Andrés tomó el saco de pita y lo sujetó en lo alto del enrejado. Miró hacia ambas direcciones y a nadie vio. Todo el sector estaba solitario. Sonrió. Se dijo que la suerte hallábase de su lado y que talvez Dios --¿por qué no, eh?-- se encontraba protegiéndolo pues ni siquiera advirtió gente por el cercano Ayuntamiento. Comenzó a subir la cerca en tanto soliloquiaba: “Eh, mira cómo voy haciéndolo. Subo fácil. E’ que soy un hombre encojonáo. Fui marino, ya te lo dije, y de los buenazo. Ahora toy arriba. Eh, tengo que cuidarme de la peligrosa punta. Hum, déjame ver si viene alguien, algún chimosito de lo cura. No, nadie, ni siquiera un ruidoso motor, tampoco ningún carro. E’ que me hallo dichoso. Debí jugar un ‘palé’. Bueno, lo que me preocupa e’ si oigo a Dió caminando. Pero de seguro eso e’ una tontería. Me parece que doña Friné me encargó esa vaina con la finalidad de burlarse de mí. A ella le guta relajá. Le encanta poner de ridículo a cualquiera. Porque si eso fuera cierto, si Dió se pasea entre eta iglesia, con seguridad tó el pueblo de Macorí tuviera aquí pidiéndole cosa por fundas. Porque, carajo, qué gente que pide, más que nosotros los viejos que no tenemos ná, ni en qué caerno muerto. Y de seguro lo cura no tendrían la puerta cerrada, sino abierta, con la campana sonando, el templo lleno de incienso, haciendo tale religioso su agotazo, igual que lo carterista, y a nosotros nos alejarían a trancazo hace tiempo. Hum, ¿y si de verdad Dió sale ahí, eh? Bueno, ya veremo, ya veremo. Eh, ahora bajaré con cuidado, lentamente, cuidándome de la traicionera punta. Hum, pero te vuelvo a repetir, si, te repito ¿y si Dió sale ahí dentro, ah? Eh, ehh, ehhh…” (*)

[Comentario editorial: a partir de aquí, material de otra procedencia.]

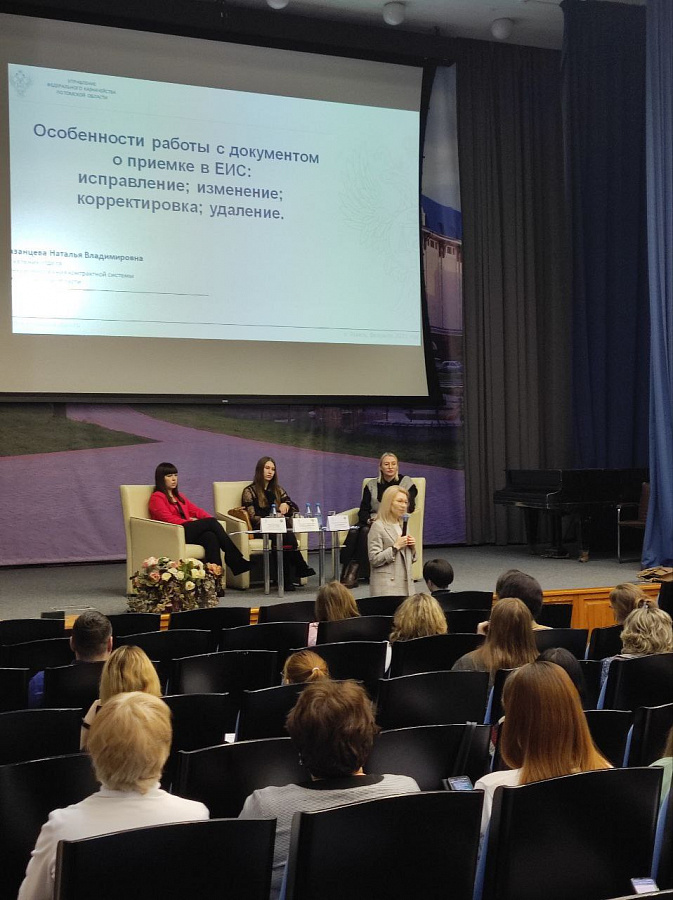 С докладом «Особенности работы с документом о приемке в ЕИС: исправление; изменение; корректировка; удаление» выступила Наталья Казанцева – начальник отдела функционирования контрактной системы УФК по Томской области.

A las 5.15 A.M., cuando el sacerdote español comenzaba a efectuar sus acostumbrados ejercicios matutinos, halló el cadáver del viejo Andrés con un fuerte golpe en la cabeza, sobre un charquito de sangre, los ojos muy abiertos con dirección al Este, por donde sale el Sol. Sus labios parecían poseer una sutil sonrisa.
*NOTA: Aquel enrejado le fue retirado a esa iglesia unos 25 años después de este relato, cuando el gobierno de turno, complaciendo a curas y feligreses, decidió otra vez repararla, gastando millones de pesos en su restauración.